Data provided START

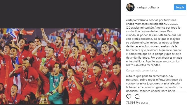 "Gracias por todos los lindos momentos mi selección, gracias mi capitán América (Claudio Bravo) por todo lo vivido. Fue realmente hermoso. Pero cuando se ponen la camiseta tiene que ser con profesionalismo. Yo sé que la mayoría se pelaron el culo mientras otros se iban de fiestas e incluso no entrenaban de la borrachera que llevaban. A quien le quepa el sombrero que se lo ponga y que se deje de andar llorando. Porque ahora es un país entero el que llora. Aquí te esperamos con los brazos abiertos, mi capitán", publicó Carla Pardo, la mujer del portero del Manchester City.
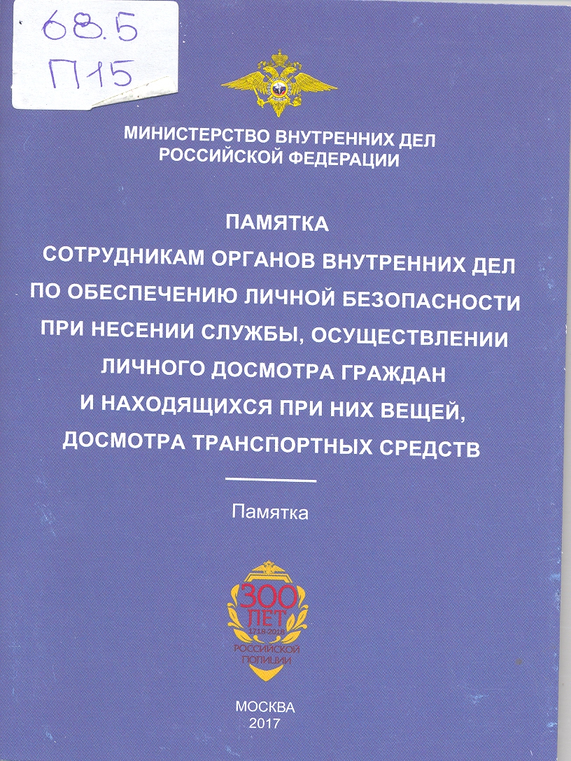 Памятка сотрудникам органов внутренних дел по обеспечению личной безопасности при несении службы,...: памятка
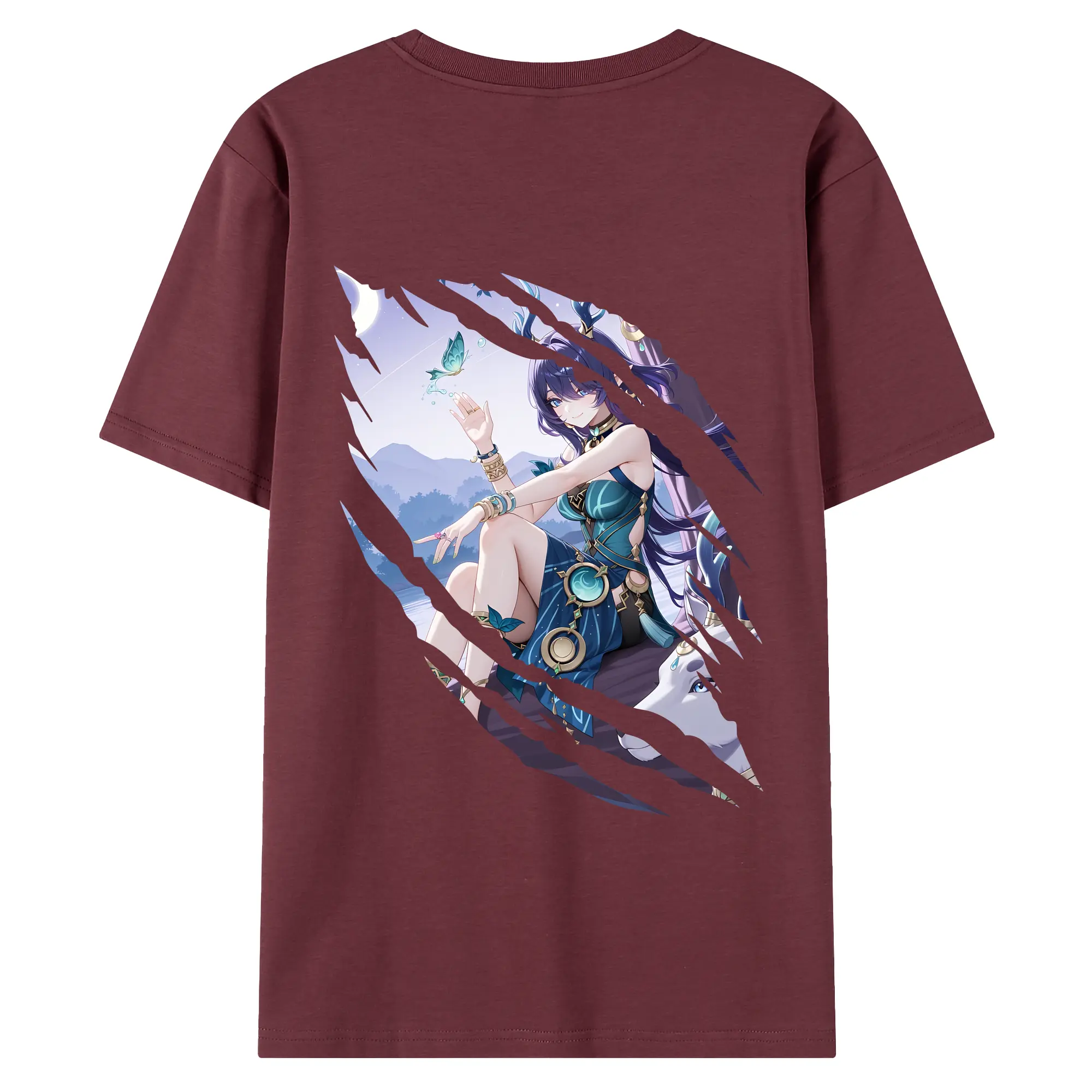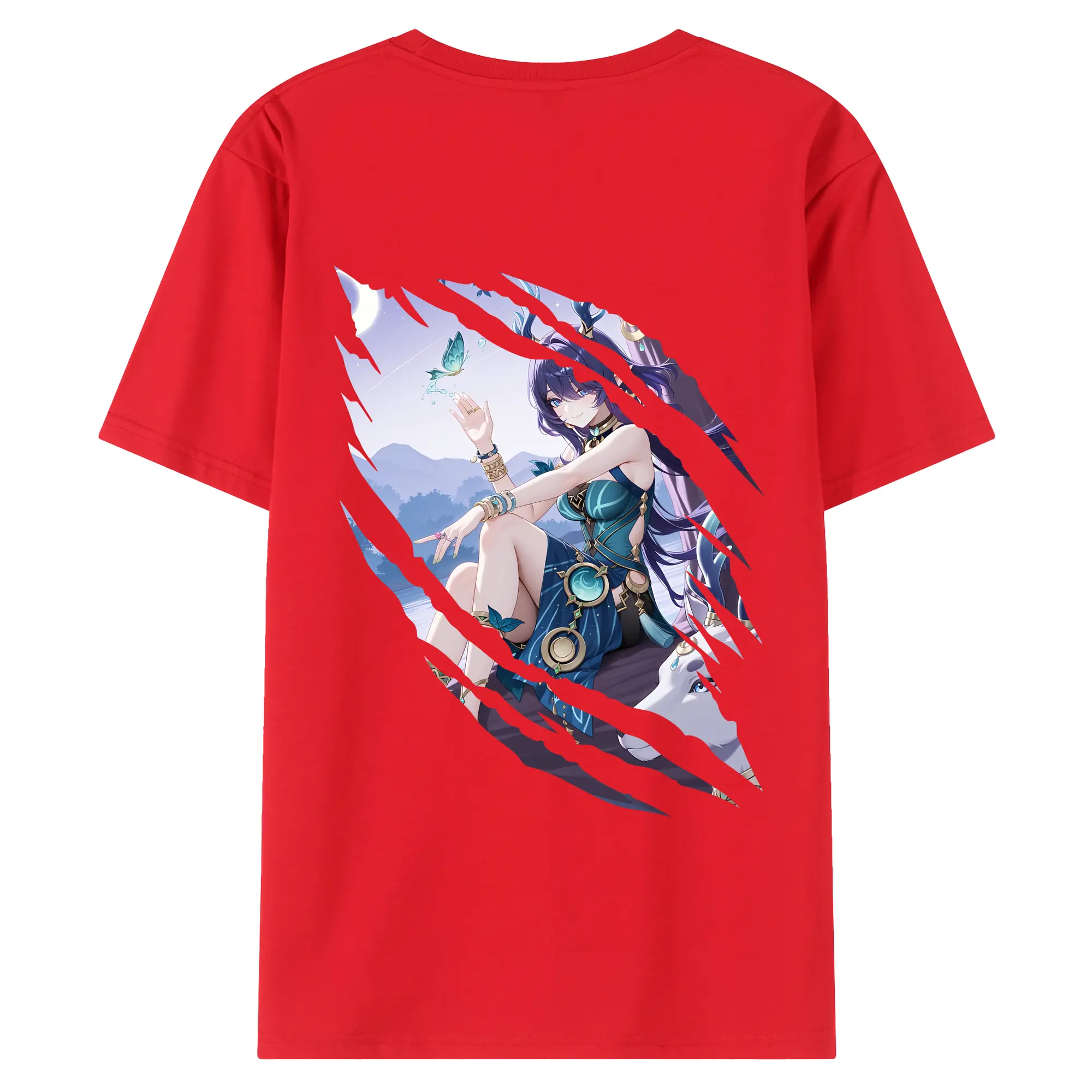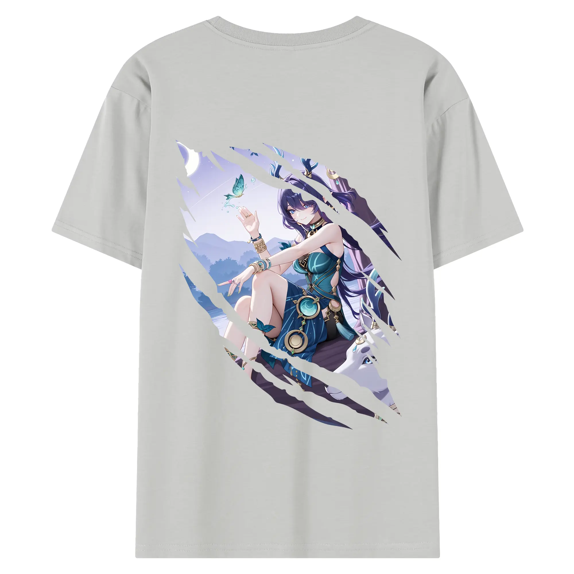 原 神 グッズ ラウマ - 綿100% ヴィンテージ風 半袖Tシャツ ・ 背面プリント ・ 柔らか肌触り ・ 通気性 快適 ・ スポーツ カジュアル 外出用
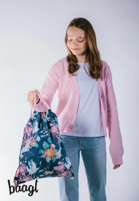 Różowe sznurki umożliwiają łatwe noszenie na plecach i zapewniają komfort podczas ruchu.

Data provided END

■ **Directions for this task**
Write the listing out exactly, apart from its pictures.

■ **Final answer**
 "Gracias por todos los lindos momentos mi selección, gracias mi capitán América (Claudio Bravo) por todo lo vivido. Fue realmente hermoso. Pero cuando se ponen la camiseta tiene que ser con profesionalismo. Yo sé que la mayoría se pelaron el culo mientras otros se iban de fiestas e incluso no entrenaban de la borrachera que llevaban. A quien le quepa el sombrero que se lo ponga y que se deje de andar llorando. Porque ahora es un país entero el que llora. Aquí te esperamos con los brazos abiertos, mi capitán", publicó Carla Pardo, la mujer del portero del Manchester City.
 Памятка сотрудникам органов внутренних дел по обеспечению личной безопасности при несении службы,...: памятка
 原 神 グッズ ラウマ - 綿100% ヴィンテージ風 半袖Tシャツ ・ 背面プリント ・ 柔らか肌触り ・ 通気性 快適 ・ スポーツ カジュアル 外出用
 Różowe sznurki umożliwiają łatwe noszenie na plecach i zapewniają komfort podczas ruchu.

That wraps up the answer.